- _Activity_
Please repeat each line from the one holding "2011年-2014年8月,受托发行的项" through the final line of the data, exactly as it stands, with no pictures.

- _Exercise data_
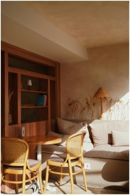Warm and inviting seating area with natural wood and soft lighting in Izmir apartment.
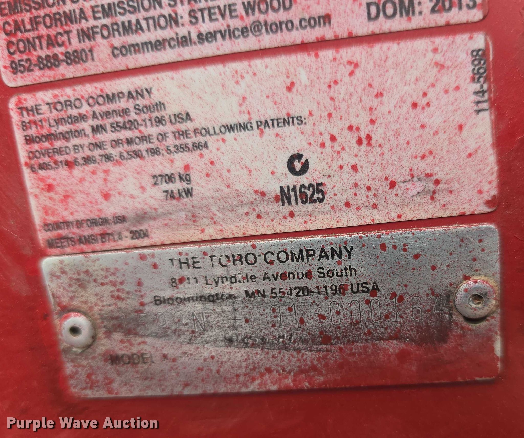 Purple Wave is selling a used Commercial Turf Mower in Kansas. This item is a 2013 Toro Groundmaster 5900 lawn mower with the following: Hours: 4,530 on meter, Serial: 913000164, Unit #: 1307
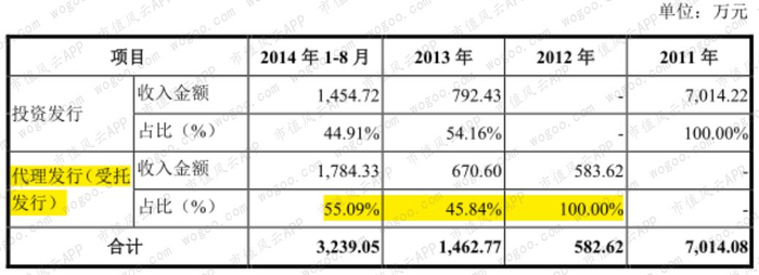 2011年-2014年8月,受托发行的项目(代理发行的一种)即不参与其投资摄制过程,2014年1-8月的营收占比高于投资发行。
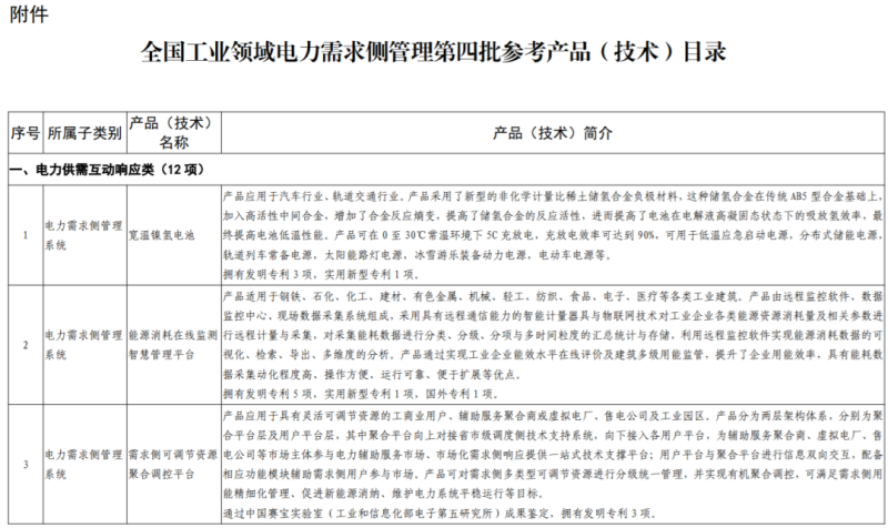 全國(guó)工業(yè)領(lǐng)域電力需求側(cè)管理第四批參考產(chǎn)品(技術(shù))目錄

- _Task response_
 2011年-2014年8月,受托发行的项目(代理发行的一种)即不参与其投资摄制过程,2014年1-8月的营收占比高于投资发行。
 全國(guó)工業(yè)領(lǐng)域電力需求側(cè)管理第四批參考產(chǎn)品(技術(shù))目錄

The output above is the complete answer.